Trying to prove less than x so we assume it is = x

Need to assume x has exactly the same x at x

Compare Coefficient of Variance when looking at two data sets NOT standard deviation

Descriptive = Whole Numbers, Continuous = Decimals, Quantitative = Counts/percents, Categorical = Groups

To evaluate the evidence, we want to determine the probability of observing the evidence (or even better evidence against the assumption) assuming the assumption is true. Once we determine this probability, we need to determine if the event is unlikely or not unlikely. That is, we want to determine if it unlikely we could have observed the evidence, if the assumption is true. Or is it not unlikely that we observed the evidence, if the assumption is true. If it is unlikely to have observed the evidence, then most likely there is something wrong with the assumption and the claim is likely true. If it is not unlikely to have observed the evidence, then we can’t actually conclude that there is something wrong with the assumption and we cannot conclude that the claim is true.

1% is unlikely and 10% is not unlikely

Sampling Variability: The variability among random samples of size n from the same population

Sampling Distribution: A probability distribution that characterizes some aspect of sampling variability

Law of Large Numbers Increasing: As the sample size increases, the distribution of the sample approaches the shape of the population distribution. That is, the shape, mean and standard deviation of the sample gets closer to the shape, mean, and standard deviation of the population.
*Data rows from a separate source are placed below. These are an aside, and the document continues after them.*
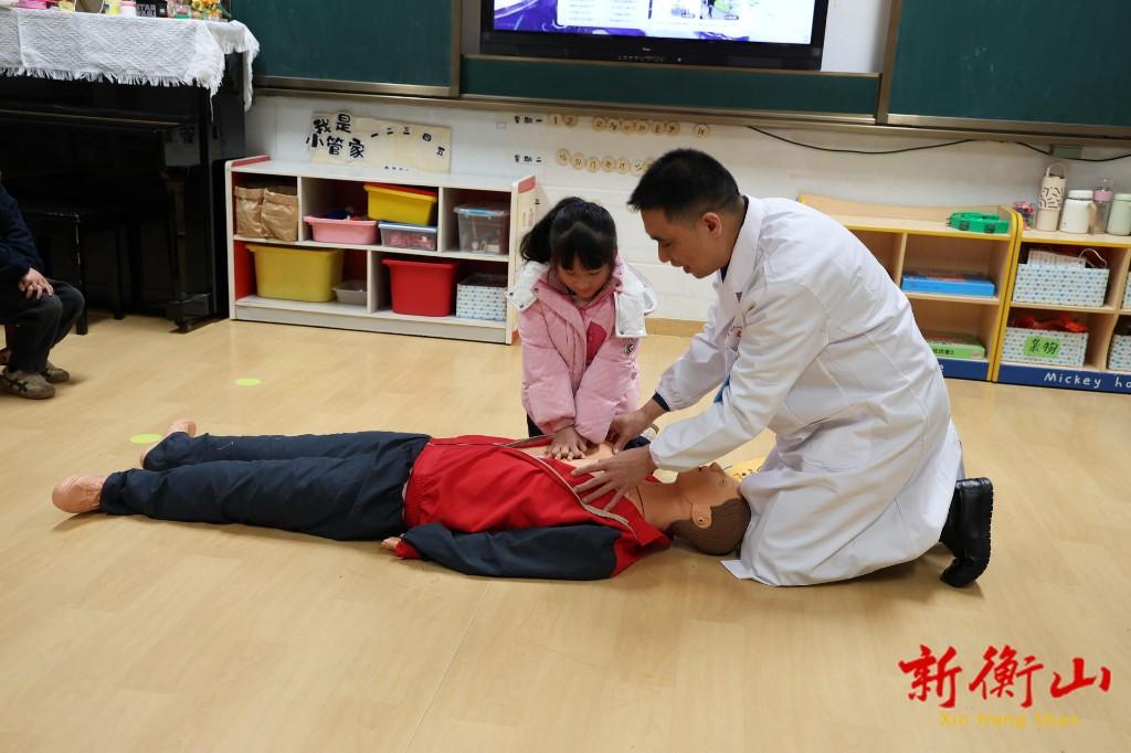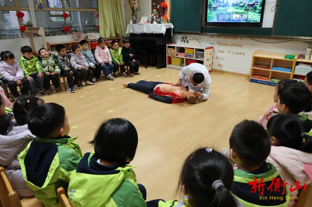 “小朋友们,在外面玩耍的时候有人突然晕倒怎么办?”“怎么正确做心肺复苏?”1月19日,在衡山县新世纪实验幼儿园的课堂里,一场充满趣味的急救科普课正在热烈进行。
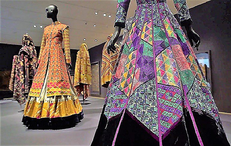 In the last fifty years, phulkari techniques and patterns have experienced a revival, especially as commercial art. With tourism booming in Pakistan and India, the phulkari tradition has evolved beyond Pakistan. Adding to the popularity of phulkari textiles is the entertainment industry, including films, music, and videos. Today, the Phulkari tradition features prominently in popular music performances and videos. Furthermore, fashion designers are also taking a lot of interest in Phulkari and are using it for high-end designs. One of them is Manish Malhotra. The famous fashion designer recently created a phulkari-based couture collection that took the world by surprise. His designs are part of this important exhibition.
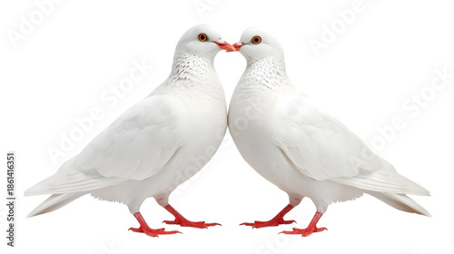 © PNGPlanet, Obraz premium Two white doves kissing in romantic pose with soft studio lighting on isolated white background for wedding decor

Sampling Distribution of the Sample Means: As the sample size increases, the shape of the sampling distribution will become approximately normal, the mean of the sampling distribution will equal the mean of the population, and the standard deviation of the sampling distribution will get smaller and smaller, specifically it will be sigma/SQRT n.

1. Before proceeding any further, Betty and Tina need to clearly identify the random variable being studied here. Betty thinks it is the number of people who show up (with a ticket). Tina thinks it’s whether the flight is overbooked or not. Who is correct and why? (2)

Betty is correct. The concern is about the no-show rate, which is related to how many people show up.

Both the variable of people who show up and whether a flight is overbooked or not can be considered random variables. The randomness would come from how the sample is collected (i.e. randomly or not). The issue here is what is actually being studied – not the randomness of the variable.

Both variables are categorical/qualitative. For the show up variable, the data would be “passengers showed up” or “passenger did not show up”. For the overbooked variable, the data would be “flight overbooked” or “flight not overbooked”.

2. To do a statistical analysis of the evidence that Tina has provided, what assumption (including a probability) do they need to make? Explain your answer. (2)

Betty and Tina need to start with the opposite assumption of what they are trying to prove. They must assume that their airline is the same as the rest of the industry and that their no-show rate is 8%. They don’t want to assume Tina is correct because then they would be introducing bias in their analysis.

It would also be appropriate to say that they want to assume that the show up rate is 92%.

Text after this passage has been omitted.